* _ACTIVITY_:
Within the listing below, give again exactly the lines between the one containing "荒川・扇河川健康公園パークゴルフ場と東京スカイツリー" and the one containing "特別支援学級では、家庭科で習", inclusive, pictures left aside.

* _AVAILABLE RECORDS_:
───

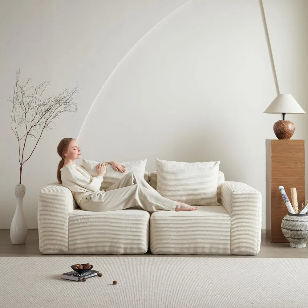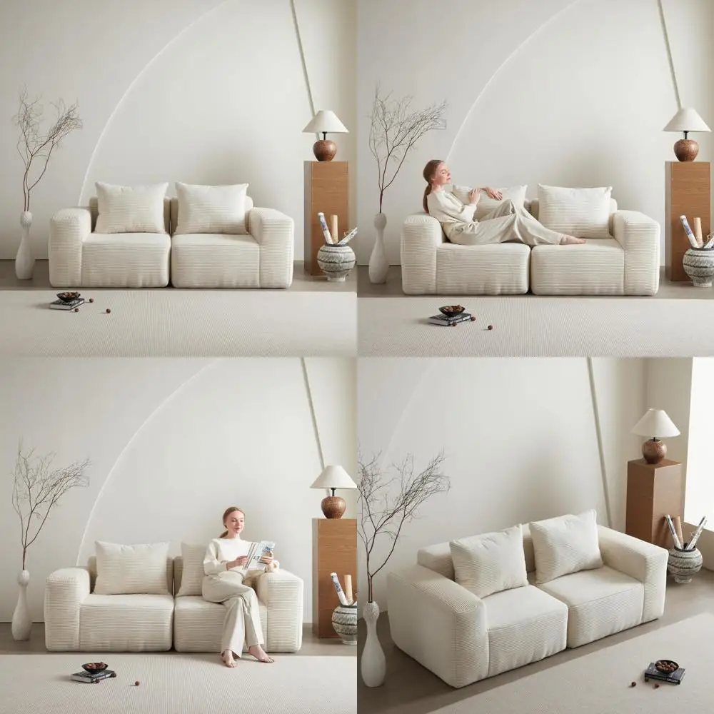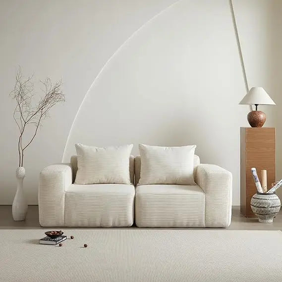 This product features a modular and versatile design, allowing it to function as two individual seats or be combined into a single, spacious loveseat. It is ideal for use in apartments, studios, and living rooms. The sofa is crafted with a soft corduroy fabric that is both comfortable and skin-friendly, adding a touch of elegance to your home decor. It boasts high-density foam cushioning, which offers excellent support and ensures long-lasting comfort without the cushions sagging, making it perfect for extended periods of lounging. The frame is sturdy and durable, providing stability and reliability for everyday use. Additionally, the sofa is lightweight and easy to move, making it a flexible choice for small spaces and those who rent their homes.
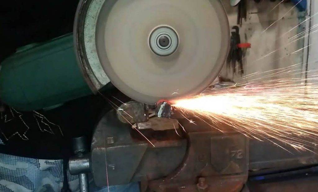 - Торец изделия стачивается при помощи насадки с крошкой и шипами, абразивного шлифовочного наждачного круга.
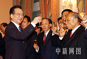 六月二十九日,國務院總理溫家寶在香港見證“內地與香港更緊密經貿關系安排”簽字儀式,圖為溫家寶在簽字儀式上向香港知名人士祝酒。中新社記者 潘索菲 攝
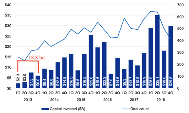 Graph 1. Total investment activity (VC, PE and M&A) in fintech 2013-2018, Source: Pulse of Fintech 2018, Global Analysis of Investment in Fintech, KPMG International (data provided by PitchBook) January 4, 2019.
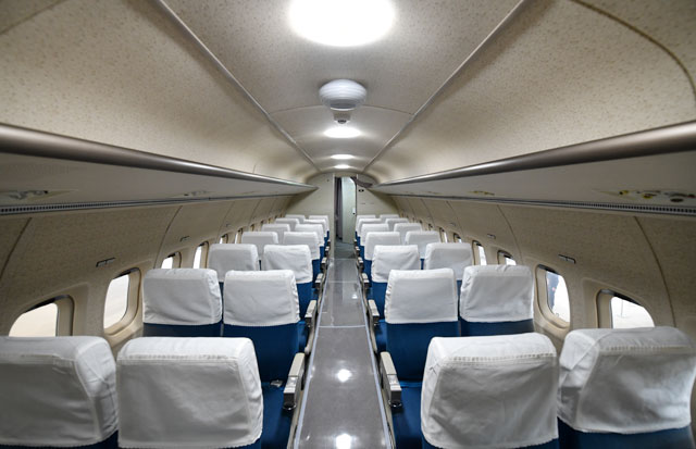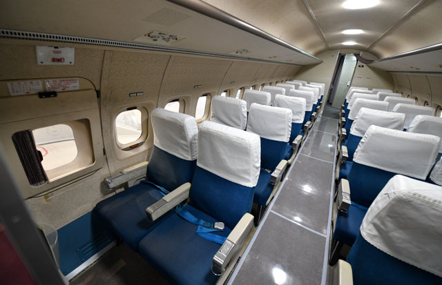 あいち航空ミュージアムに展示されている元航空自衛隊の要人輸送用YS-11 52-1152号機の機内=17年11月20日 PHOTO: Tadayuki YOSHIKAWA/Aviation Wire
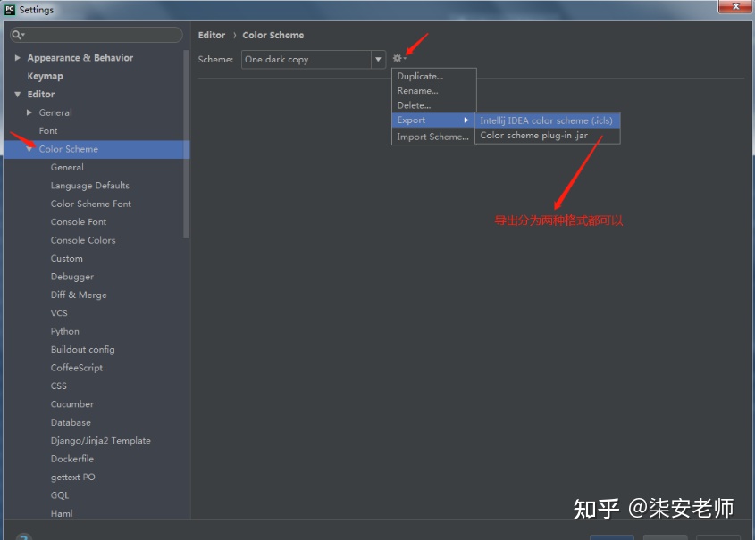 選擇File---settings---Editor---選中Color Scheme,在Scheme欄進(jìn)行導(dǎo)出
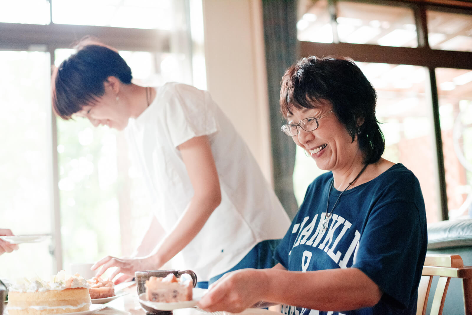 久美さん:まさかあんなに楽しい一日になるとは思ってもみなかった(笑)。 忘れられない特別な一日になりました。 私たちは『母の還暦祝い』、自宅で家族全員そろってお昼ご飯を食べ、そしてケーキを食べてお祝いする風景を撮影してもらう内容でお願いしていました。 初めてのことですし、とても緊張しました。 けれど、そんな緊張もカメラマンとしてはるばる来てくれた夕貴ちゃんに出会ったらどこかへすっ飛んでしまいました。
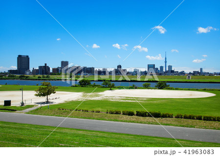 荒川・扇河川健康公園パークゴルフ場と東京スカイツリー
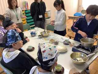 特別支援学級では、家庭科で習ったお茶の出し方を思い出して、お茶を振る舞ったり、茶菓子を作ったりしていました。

───

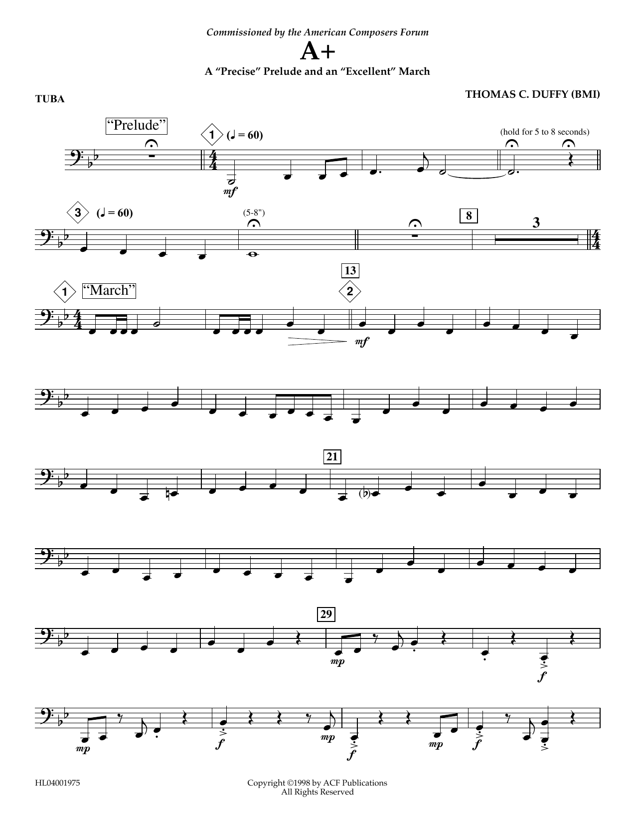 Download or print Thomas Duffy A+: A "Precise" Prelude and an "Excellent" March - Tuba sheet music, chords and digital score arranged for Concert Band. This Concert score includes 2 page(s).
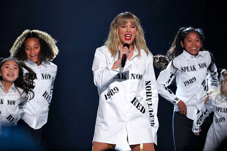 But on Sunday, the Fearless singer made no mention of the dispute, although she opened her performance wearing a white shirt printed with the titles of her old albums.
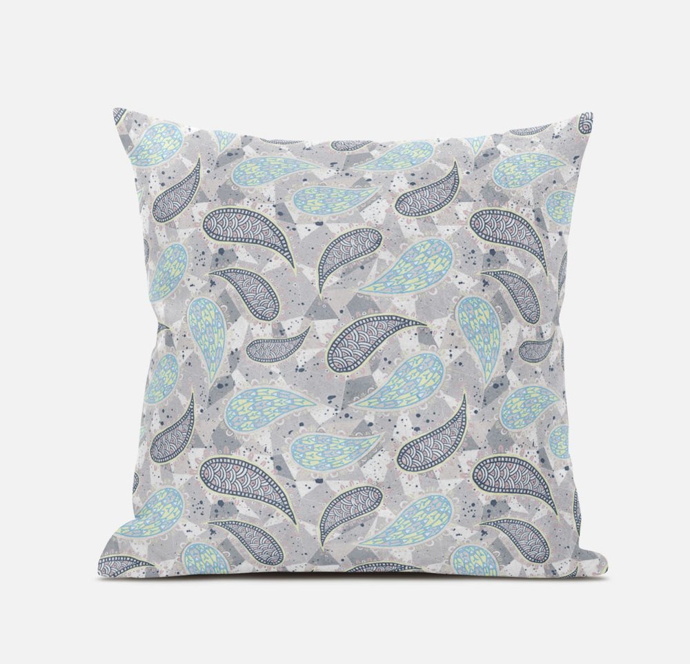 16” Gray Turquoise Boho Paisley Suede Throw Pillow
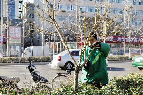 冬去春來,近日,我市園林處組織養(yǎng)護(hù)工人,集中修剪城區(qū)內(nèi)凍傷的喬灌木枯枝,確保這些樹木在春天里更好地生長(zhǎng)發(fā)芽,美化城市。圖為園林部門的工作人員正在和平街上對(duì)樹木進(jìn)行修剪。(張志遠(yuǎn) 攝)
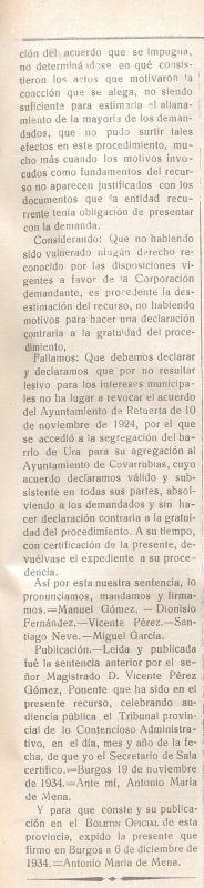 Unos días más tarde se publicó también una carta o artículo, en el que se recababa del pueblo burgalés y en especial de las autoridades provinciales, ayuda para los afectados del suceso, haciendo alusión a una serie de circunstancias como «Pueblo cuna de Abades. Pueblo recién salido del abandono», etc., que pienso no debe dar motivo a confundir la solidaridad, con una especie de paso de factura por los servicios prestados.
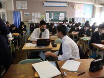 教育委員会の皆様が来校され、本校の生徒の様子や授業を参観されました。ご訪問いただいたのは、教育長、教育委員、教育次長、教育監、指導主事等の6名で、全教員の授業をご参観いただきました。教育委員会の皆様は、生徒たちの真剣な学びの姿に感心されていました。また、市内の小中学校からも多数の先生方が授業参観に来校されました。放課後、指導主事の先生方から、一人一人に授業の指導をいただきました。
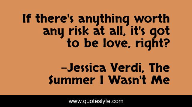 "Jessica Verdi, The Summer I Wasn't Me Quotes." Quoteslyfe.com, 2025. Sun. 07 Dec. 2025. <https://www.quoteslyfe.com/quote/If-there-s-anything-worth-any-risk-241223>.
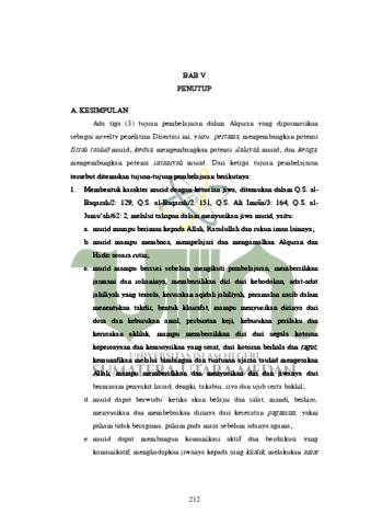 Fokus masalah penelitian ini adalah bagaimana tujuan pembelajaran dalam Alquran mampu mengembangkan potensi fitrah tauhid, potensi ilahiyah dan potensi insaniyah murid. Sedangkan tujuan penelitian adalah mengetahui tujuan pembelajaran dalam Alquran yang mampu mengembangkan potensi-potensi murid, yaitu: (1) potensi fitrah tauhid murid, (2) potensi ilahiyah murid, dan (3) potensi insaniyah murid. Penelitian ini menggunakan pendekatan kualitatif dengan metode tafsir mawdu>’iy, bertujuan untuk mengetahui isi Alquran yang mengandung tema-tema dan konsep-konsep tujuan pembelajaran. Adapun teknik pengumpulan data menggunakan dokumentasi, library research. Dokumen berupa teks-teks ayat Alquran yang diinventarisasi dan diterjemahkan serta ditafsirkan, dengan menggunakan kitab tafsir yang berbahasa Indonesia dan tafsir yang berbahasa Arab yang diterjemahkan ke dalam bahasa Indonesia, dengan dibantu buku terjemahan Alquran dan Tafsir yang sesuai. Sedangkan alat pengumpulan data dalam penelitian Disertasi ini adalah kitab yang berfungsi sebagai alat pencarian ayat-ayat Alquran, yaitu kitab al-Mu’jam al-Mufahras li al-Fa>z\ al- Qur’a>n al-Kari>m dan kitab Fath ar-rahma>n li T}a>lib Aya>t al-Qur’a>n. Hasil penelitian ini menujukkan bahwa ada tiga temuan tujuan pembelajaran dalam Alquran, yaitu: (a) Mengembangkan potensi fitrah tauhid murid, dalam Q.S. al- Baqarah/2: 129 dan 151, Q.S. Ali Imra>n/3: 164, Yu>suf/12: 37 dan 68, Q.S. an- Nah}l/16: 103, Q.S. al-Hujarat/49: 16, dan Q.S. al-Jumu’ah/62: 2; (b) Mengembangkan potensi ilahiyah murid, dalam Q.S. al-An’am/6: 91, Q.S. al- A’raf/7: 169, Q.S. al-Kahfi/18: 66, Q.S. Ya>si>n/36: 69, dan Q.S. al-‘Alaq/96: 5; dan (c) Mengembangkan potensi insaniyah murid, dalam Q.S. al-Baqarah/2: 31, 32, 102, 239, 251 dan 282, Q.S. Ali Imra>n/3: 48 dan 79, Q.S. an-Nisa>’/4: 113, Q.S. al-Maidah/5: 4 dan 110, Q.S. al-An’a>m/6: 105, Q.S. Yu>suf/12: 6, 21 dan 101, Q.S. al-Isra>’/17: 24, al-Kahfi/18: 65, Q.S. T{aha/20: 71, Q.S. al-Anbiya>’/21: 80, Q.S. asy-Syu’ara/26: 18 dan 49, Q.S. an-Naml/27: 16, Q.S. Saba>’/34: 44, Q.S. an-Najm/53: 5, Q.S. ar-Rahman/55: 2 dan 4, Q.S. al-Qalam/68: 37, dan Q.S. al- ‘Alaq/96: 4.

───

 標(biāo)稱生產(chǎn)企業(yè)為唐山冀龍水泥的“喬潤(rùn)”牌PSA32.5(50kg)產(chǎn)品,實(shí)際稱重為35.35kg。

───

* _OUTPUT OF THE TASK_:
 荒川・扇河川健康公園パークゴルフ場と東京スカイツリー
 特別支援学級では、家庭科で習ったお茶の出し方を思い出して、お茶を振る舞ったり、茶菓子を作ったりしていました。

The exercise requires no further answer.